Even if you've never heard of Tencent, you've likely played a game it has a hand in. The gaming giant is a major investor or owner in development studios including Activision Blizzard, Riot, Ubisoft, Dontnod, Epic Games, Roblox Corporation, and more. When we say it's big, big feels like an understatement - and the company has just implemented some controversial tech into its games in China.
Tencent has started using a form of facial recognition in China to identify and prevent children and teenagers from playing games at odd hours. According to Chinese state media outlet Sixth Tone, the enforcement of rules on gaming curfews and spending limits on young people, has been a struggle as kids and teens have been bypassing security measures. But Tencent is now using facial recognition technology to identify who is gaming between the hours of 10pm and 8am, to help impose these laws.

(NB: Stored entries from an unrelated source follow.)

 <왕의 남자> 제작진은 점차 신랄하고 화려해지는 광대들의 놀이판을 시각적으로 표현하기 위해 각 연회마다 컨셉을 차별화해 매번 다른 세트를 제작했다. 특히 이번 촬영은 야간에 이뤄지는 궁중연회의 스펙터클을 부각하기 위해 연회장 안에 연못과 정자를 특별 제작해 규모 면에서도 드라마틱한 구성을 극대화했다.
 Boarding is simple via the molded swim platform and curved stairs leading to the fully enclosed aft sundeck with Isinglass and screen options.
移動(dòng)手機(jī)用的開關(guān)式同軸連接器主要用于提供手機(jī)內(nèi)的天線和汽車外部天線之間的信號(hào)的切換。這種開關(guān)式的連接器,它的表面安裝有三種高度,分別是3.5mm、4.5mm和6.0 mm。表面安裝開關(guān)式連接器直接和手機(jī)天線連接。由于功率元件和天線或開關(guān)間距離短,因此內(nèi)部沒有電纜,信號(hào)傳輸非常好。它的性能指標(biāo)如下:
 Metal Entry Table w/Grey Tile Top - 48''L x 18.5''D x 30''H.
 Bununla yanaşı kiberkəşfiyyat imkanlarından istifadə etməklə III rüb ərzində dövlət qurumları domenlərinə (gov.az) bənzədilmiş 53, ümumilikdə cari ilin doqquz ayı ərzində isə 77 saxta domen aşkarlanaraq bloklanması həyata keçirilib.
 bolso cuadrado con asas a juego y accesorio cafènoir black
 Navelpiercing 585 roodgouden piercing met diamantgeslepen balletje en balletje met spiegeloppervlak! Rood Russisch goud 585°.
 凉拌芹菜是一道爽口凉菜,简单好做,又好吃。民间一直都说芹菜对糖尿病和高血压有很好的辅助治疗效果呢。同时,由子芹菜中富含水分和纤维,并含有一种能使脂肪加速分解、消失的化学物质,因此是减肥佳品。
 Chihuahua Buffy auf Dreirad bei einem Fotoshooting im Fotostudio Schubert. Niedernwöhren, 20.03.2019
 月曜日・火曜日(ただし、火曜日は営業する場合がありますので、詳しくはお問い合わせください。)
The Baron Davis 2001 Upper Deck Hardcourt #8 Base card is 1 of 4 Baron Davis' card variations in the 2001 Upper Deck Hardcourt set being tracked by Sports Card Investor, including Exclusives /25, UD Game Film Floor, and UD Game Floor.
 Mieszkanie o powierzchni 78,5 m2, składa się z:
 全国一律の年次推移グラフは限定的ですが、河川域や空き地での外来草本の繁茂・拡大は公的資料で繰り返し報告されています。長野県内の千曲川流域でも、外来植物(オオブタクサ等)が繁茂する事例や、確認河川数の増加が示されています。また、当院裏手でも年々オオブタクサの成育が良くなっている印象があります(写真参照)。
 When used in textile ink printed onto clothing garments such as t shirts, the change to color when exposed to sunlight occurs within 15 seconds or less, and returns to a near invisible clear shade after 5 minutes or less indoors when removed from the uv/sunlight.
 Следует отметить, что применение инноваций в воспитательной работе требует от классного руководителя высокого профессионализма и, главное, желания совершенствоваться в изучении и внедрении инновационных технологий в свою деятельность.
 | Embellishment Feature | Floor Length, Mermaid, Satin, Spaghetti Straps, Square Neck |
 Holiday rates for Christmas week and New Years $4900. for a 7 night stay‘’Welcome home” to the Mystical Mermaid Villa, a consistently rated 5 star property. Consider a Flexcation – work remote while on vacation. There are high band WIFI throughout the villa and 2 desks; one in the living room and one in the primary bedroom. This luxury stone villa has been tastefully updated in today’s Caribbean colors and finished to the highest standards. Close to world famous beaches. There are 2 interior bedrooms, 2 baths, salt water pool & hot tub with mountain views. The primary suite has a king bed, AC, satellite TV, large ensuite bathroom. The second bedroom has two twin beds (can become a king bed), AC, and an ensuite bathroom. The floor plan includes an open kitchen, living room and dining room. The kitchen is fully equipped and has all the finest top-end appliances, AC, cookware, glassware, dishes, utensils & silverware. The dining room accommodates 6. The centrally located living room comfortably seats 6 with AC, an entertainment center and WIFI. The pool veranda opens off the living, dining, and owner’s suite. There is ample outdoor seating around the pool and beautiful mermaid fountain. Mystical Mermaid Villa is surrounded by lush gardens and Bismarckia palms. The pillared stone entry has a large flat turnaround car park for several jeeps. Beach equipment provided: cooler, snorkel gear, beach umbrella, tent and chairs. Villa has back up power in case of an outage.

Tencent, when talking about this "Midnight Patrol" initiative, stated: "We will conduct a face screening for accounts registered with real names and that have played for a certain period of time at night. Anyone who refuses or fails the face verification will be treated as a minor, and as outlined in the anti-addiction supervision of Tencent's game health system, and kicked offline."
There will be over 60 games using this new technology in China from this week, but the original usage of this technology began all the way back in 2018, in Beijing and Shenzhen.
All of these implementations are in an effort to limit gaming addiction in China as well as lessen the concerns of experts who think gaming is causing a higher rate of short-sightedness in younger generations.
Of course, this sort of technology is bound to be controversial when implemented. It raises concerns about privacy - especially when you have to engage with the process, no matter if you're a minor or an adult, to gain access to games after 10pm. We'll have to see how China adapts to these new rules on the 60 games Tencent has introduced the tech to, and see if other companies eventually follow its lead.